Speaking of which, we’re about halfway to today’s treasure hunt diving spot. Well, at least as far as I can tell. 

I relax my neck so that I’m looking forward and upright again, lower my chest and shoulders back into the wonderful water, and keep swimming out at my newly established pace. I start to use my arms to their full effectiveness again, and so my legs and my tail get to slow down a little without us losing any speed.

Or “knots", if we’re keeping with the theme.

Heh.

We’ve done a lot of different types of treasure hunts over the years - a timed event where we have to find one item at a general location, week-or-even-month-spanning hunts that involved following clue after clue and going to location after location, etcetera - all of them orchestrated by the other otter of our group: Sydney. 

Them.

He’s had a passion for pirates (and luchadors) ever since before I met him, and it used to be a rare sight to see the otter outside of school and outside his home without a freshly dirt-covered trowel in one hand and a newly-drawn-up treasure map in the other. It’s still a fairly common thing to see, but bringing a shovel out to the lake when you have a pair of otters in the friend group is just unnecessary.

I’ll never forget the first “Lake Emma Treasure Diving Extravaganza”, the fateful day in question having happened a little over a year ago now. One seemingly boring day, he got us all to agree to meetup at the lake just out-of-the-blue. We’d all been to the lake plenty of times before, on account of there being two otters, so we just expected Sydney to have cooked up another land-based treasure hunt. Little did we know it would be anything but. 

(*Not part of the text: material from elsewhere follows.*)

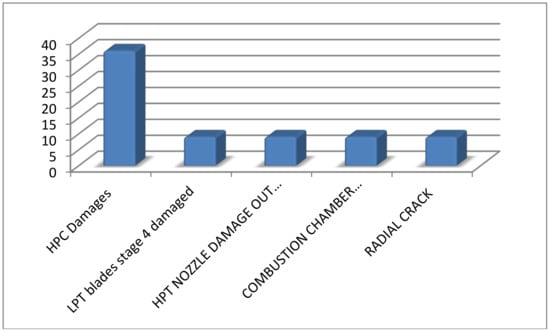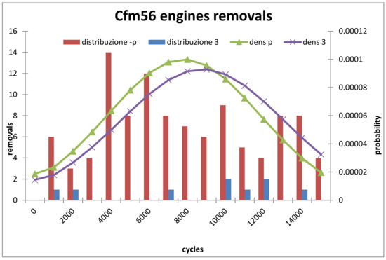 Using the same data derived from engine removal reports (Figure 10), another analysis was also conducted, highlighting the distribution in time (calculated in cycles) of unscheduled damages to the three types of upgrades related to Cfm engines. The 3PIP, as a very recent upgrade, has been excluded from this discussion because since it joined the fleet, there was only one engine which required unscheduled removal.

Sydney had told us all that he’d be waiting at the usual spot, but he was nowhere to be seen. Not by the first to arrive, and not by the last. We all ended up forming a little circle next to the water, not exactly worried given the otter’s dramatic tendencies but still looking around for him from that spot.

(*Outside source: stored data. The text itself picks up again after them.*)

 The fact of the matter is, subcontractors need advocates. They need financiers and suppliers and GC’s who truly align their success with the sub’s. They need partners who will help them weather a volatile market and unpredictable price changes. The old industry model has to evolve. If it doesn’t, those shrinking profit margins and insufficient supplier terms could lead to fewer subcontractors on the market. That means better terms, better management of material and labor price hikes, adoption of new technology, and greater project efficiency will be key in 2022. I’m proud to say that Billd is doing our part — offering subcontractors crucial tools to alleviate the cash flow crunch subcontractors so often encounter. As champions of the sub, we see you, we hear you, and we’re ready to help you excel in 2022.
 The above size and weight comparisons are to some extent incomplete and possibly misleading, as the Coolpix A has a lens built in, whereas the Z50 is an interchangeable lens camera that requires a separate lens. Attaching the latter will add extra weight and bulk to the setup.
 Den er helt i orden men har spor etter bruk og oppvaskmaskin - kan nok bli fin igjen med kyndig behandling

That’s when he walked out of the water, eyes-closed and with a huge grin on his face, shaking his head as water poured off him like he was in a slow-mo movie shot.

Playing through the memory in my mind nowadays, I can recognize it wasn’t really all that impressive a sight, seeing Sydney walk out of the water like he did. It was impressive in the moment, and much less so afterwards. 

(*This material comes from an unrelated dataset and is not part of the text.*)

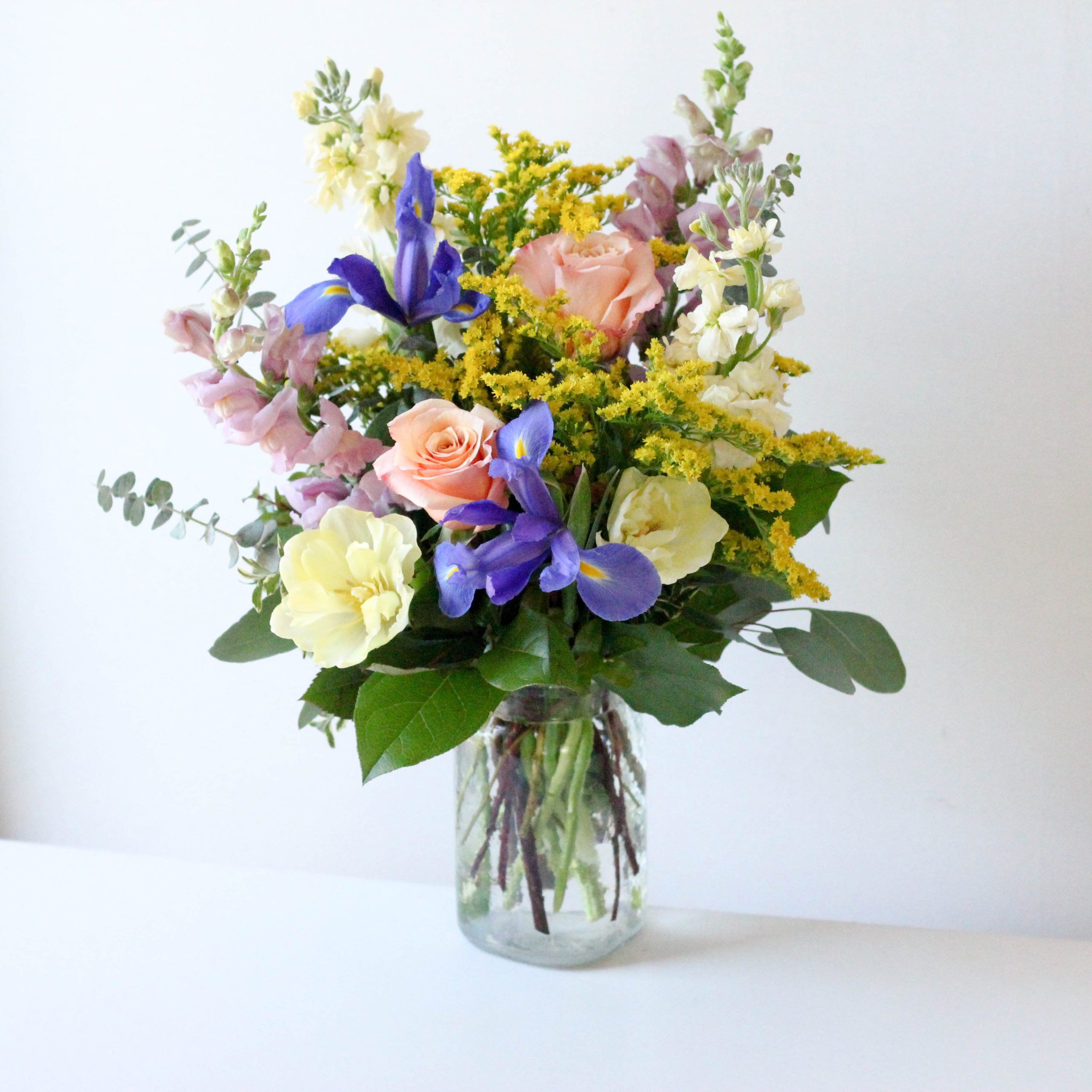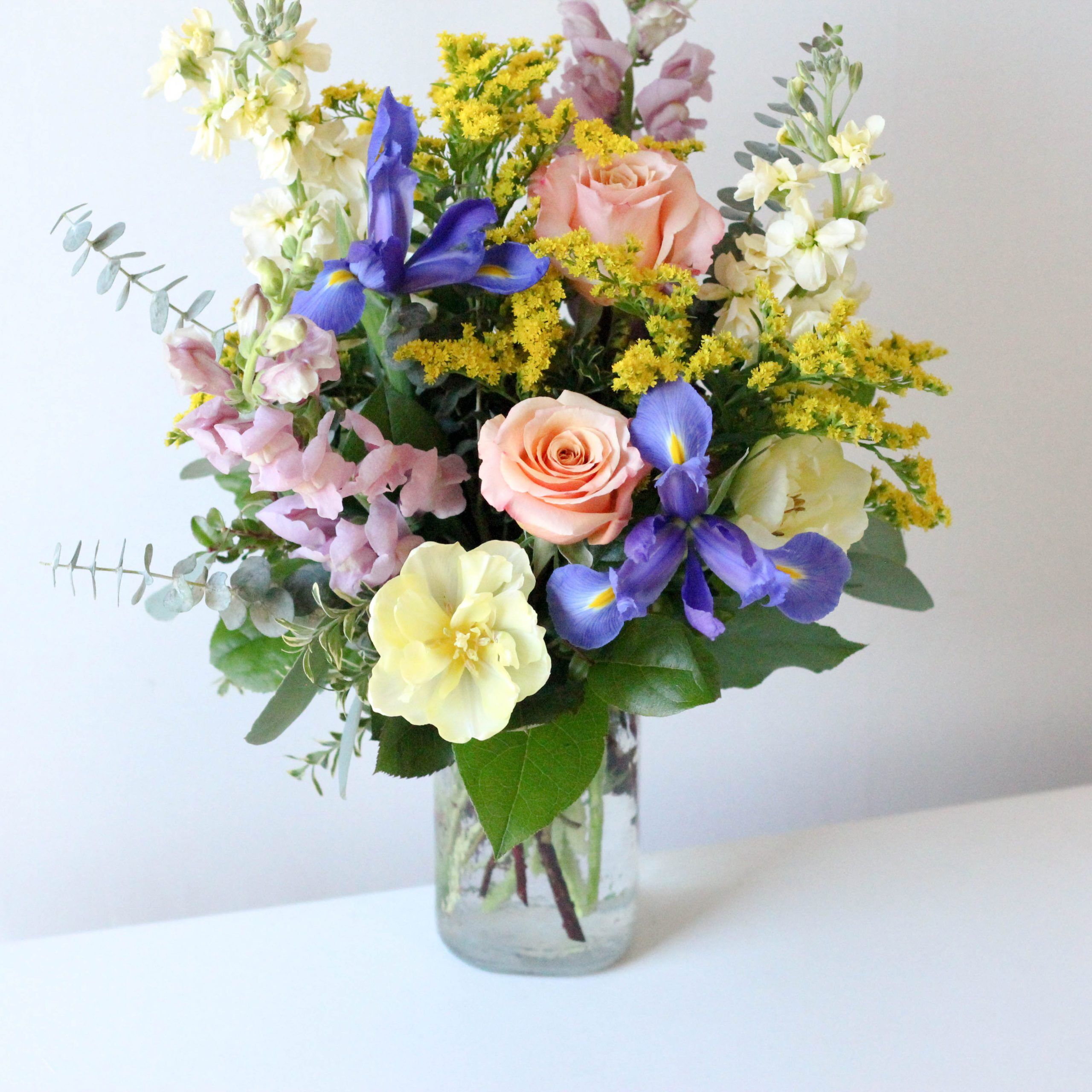 Roses, tulips and iris dance among snapdragons and happy seasonal fillers.

It was sort of mortifying, actually. In that fun way that memories can be. 

First off, otter fur doesn’t collect a lot of water. It’s still a noticeable amount, but by the time Sydney took his second real-time, slow-mo step back on land pretty much all of the loose water on him was already off. Secondly, Sydney, as his eight year-old self as opposed to the current nine, was obviously clumsier. With his eyes closed he couldn’t help but stumble through the wet sandy shore, just barely keeping himself from tripping over his own foot quite a few times. 

And he ended up walking forward so, so confidently . . . and not towards our group. 

When he finally opened his eyes, his confidence evaporated instantly and was replaced with genuine worry, and an almost-kind-of . . . fear

Good.

. . . Seeing him so scared almost scared me, honestly. 

None of the people he presumably saw in the water before closing his eyes were in front of him when he should have come out of the water walking in a straight line, so I guess I can understand the reaction. I’d be a little worried too if that happened to me. Flynn though either didn’t notice the state Sydney was in or didn’t care, and snidely called the otter out for their shitty sense of direction. That snapped the otter out of it before he hastily power-walked toward us. 

Sydney no longer looked frazzled then, but definitely looked embarrassed. The poor guy was blushing so hard and pointedly not looking at the lizard, but he got his payback, eventually. 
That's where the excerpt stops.